- **AIM OF THE EXERCISE**
Please reproduce the lines of the records below from the one holding "The pallet strapping" through the one holding "時差式超聲波流量計用于測量流", inclusive, skipping all pictures.

- **INPUT**
____

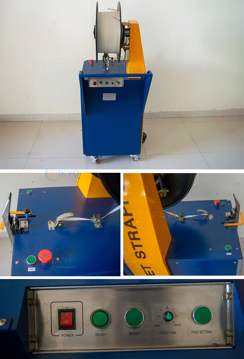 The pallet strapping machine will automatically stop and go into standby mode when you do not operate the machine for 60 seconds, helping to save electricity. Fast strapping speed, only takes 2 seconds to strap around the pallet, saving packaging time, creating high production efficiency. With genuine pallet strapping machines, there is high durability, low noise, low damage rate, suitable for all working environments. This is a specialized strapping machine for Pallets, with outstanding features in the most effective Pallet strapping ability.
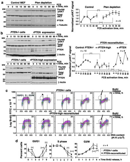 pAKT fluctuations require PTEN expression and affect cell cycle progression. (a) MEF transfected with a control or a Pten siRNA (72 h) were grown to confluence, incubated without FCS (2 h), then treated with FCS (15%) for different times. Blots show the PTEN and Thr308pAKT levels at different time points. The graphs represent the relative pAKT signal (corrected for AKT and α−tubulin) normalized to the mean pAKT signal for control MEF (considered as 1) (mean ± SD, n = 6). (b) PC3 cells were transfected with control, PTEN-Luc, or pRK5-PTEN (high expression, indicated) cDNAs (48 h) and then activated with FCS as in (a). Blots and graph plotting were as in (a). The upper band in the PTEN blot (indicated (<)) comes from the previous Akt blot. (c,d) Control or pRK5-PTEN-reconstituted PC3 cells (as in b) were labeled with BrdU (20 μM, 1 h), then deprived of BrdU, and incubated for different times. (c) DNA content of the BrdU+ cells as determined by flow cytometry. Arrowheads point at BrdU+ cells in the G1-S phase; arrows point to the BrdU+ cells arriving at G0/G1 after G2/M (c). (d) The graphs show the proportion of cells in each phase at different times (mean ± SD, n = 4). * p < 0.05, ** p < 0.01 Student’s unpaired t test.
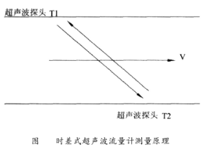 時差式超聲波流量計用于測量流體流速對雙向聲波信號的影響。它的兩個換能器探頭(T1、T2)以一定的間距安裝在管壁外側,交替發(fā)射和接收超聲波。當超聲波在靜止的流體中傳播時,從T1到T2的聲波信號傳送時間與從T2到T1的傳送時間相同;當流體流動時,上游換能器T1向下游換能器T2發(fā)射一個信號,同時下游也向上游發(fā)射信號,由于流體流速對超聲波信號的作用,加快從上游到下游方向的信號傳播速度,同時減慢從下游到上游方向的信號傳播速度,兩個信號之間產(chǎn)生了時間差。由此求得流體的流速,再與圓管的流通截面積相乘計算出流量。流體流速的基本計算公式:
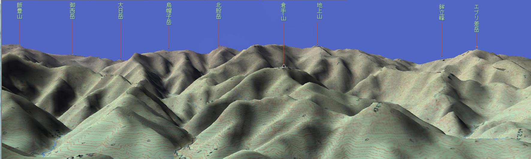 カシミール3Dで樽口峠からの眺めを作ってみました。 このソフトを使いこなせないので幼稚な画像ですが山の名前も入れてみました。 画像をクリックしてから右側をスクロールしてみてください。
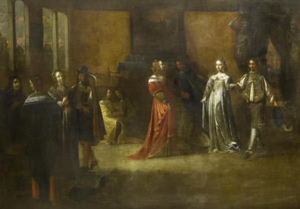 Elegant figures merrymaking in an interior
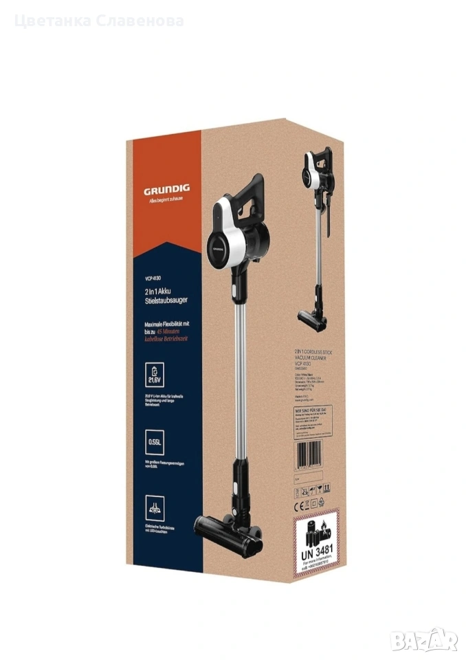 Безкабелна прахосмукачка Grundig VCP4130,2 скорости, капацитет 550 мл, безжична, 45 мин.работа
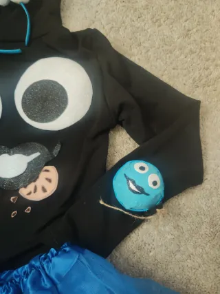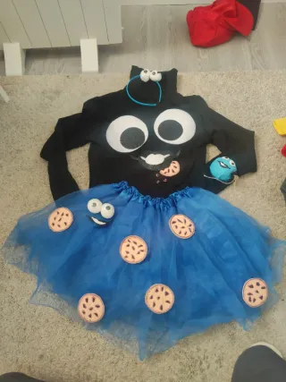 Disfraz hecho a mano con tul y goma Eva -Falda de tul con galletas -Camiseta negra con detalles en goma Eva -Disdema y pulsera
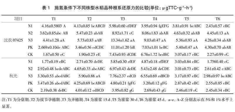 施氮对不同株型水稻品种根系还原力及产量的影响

____

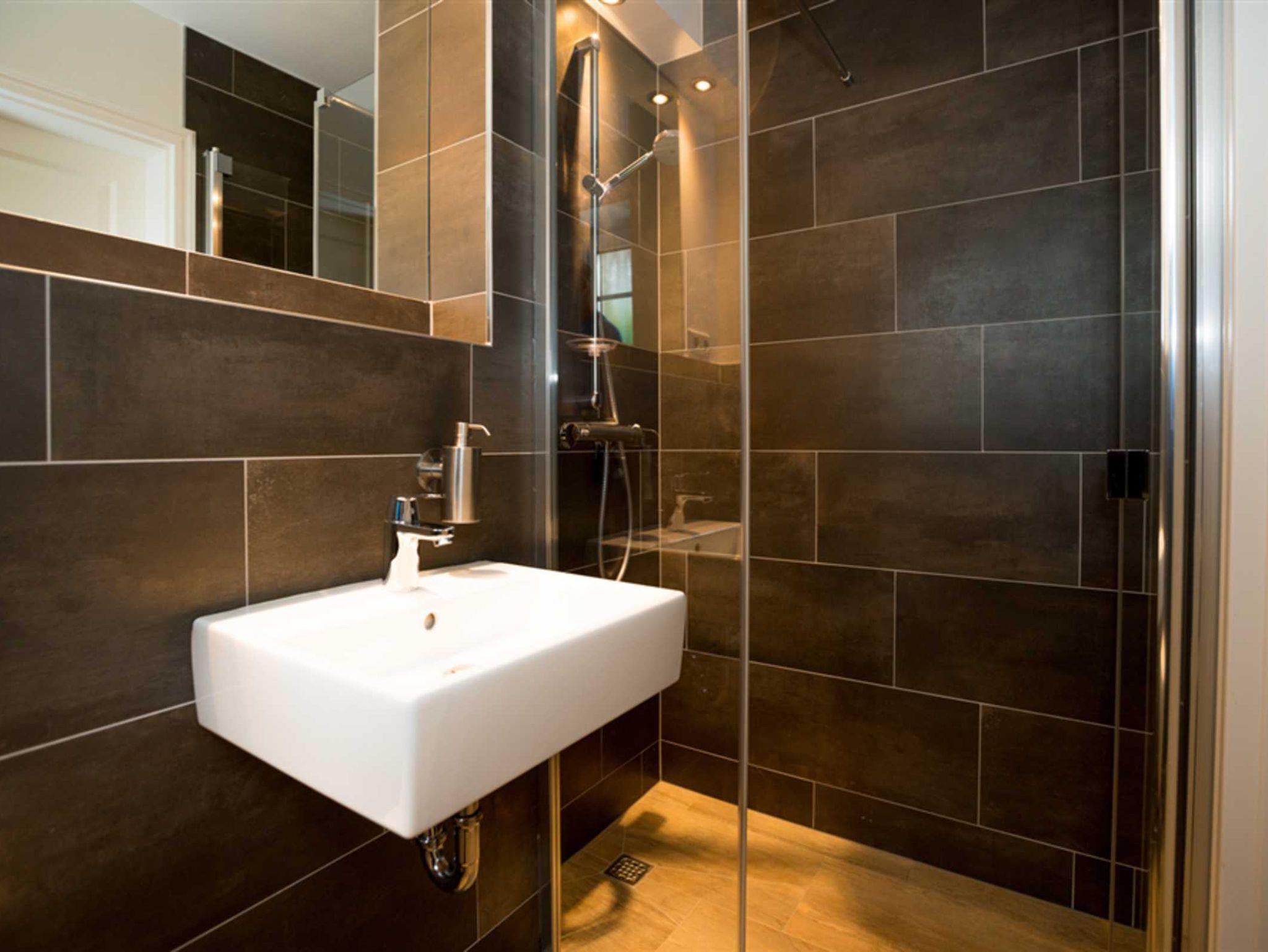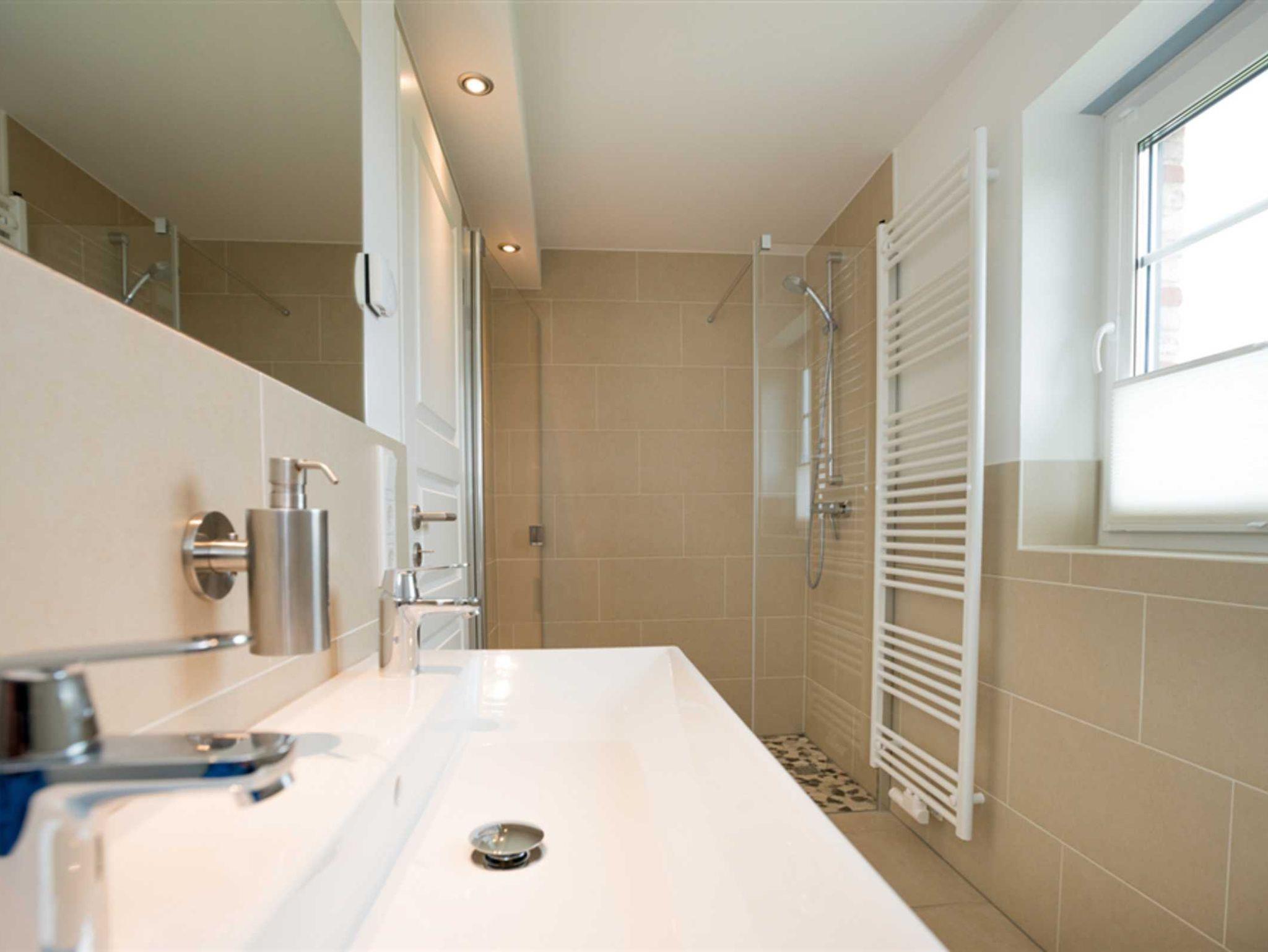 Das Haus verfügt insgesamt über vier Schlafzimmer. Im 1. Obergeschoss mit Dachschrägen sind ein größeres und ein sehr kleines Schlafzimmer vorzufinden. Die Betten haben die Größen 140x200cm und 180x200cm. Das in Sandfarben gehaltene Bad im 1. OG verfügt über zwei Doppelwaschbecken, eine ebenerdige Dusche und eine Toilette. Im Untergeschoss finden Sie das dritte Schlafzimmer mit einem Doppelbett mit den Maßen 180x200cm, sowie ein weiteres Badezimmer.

____

- **OUTPUT BELOW**
 The pallet strapping machine will automatically stop and go into standby mode when you do not operate the machine for 60 seconds, helping to save electricity. Fast strapping speed, only takes 2 seconds to strap around the pallet, saving packaging time, creating high production efficiency. With genuine pallet strapping machines, there is high durability, low noise, low damage rate, suitable for all working environments. This is a specialized strapping machine for Pallets, with outstanding features in the most effective Pallet strapping ability.
 pAKT fluctuations require PTEN expression and affect cell cycle progression. (a) MEF transfected with a control or a Pten siRNA (72 h) were grown to confluence, incubated without FCS (2 h), then treated with FCS (15%) for different times. Blots show the PTEN and Thr308pAKT levels at different time points. The graphs represent the relative pAKT signal (corrected for AKT and α−tubulin) normalized to the mean pAKT signal for control MEF (considered as 1) (mean ± SD, n = 6). (b) PC3 cells were transfected with control, PTEN-Luc, or pRK5-PTEN (high expression, indicated) cDNAs (48 h) and then activated with FCS as in (a). Blots and graph plotting were as in (a). The upper band in the PTEN blot (indicated (<)) comes from the previous Akt blot. (c,d) Control or pRK5-PTEN-reconstituted PC3 cells (as in b) were labeled with BrdU (20 μM, 1 h), then deprived of BrdU, and incubated for different times. (c) DNA content of the BrdU+ cells as determined by flow cytometry. Arrowheads point at BrdU+ cells in the G1-S phase; arrows point to the BrdU+ cells arriving at G0/G1 after G2/M (c). (d) The graphs show the proportion of cells in each phase at different times (mean ± SD, n = 4). * p < 0.05, ** p < 0.01 Student’s unpaired t test.
 時差式超聲波流量計用于測量流體流速對雙向聲波信號的影響。它的兩個換能器探頭(T1、T2)以一定的間距安裝在管壁外側,交替發(fā)射和接收超聲波。當超聲波在靜止的流體中傳播時,從T1到T2的聲波信號傳送時間與從T2到T1的傳送時間相同;當流體流動時,上游換能器T1向下游換能器T2發(fā)射一個信號,同時下游也向上游發(fā)射信號,由于流體流速對超聲波信號的作用,加快從上游到下游方向的信號傳播速度,同時減慢從下游到上游方向的信號傳播速度,兩個信號之間產(chǎn)生了時間差。由此求得流體的流速,再與圓管的流通截面積相乘計算出流量。流體流速的基本計算公式:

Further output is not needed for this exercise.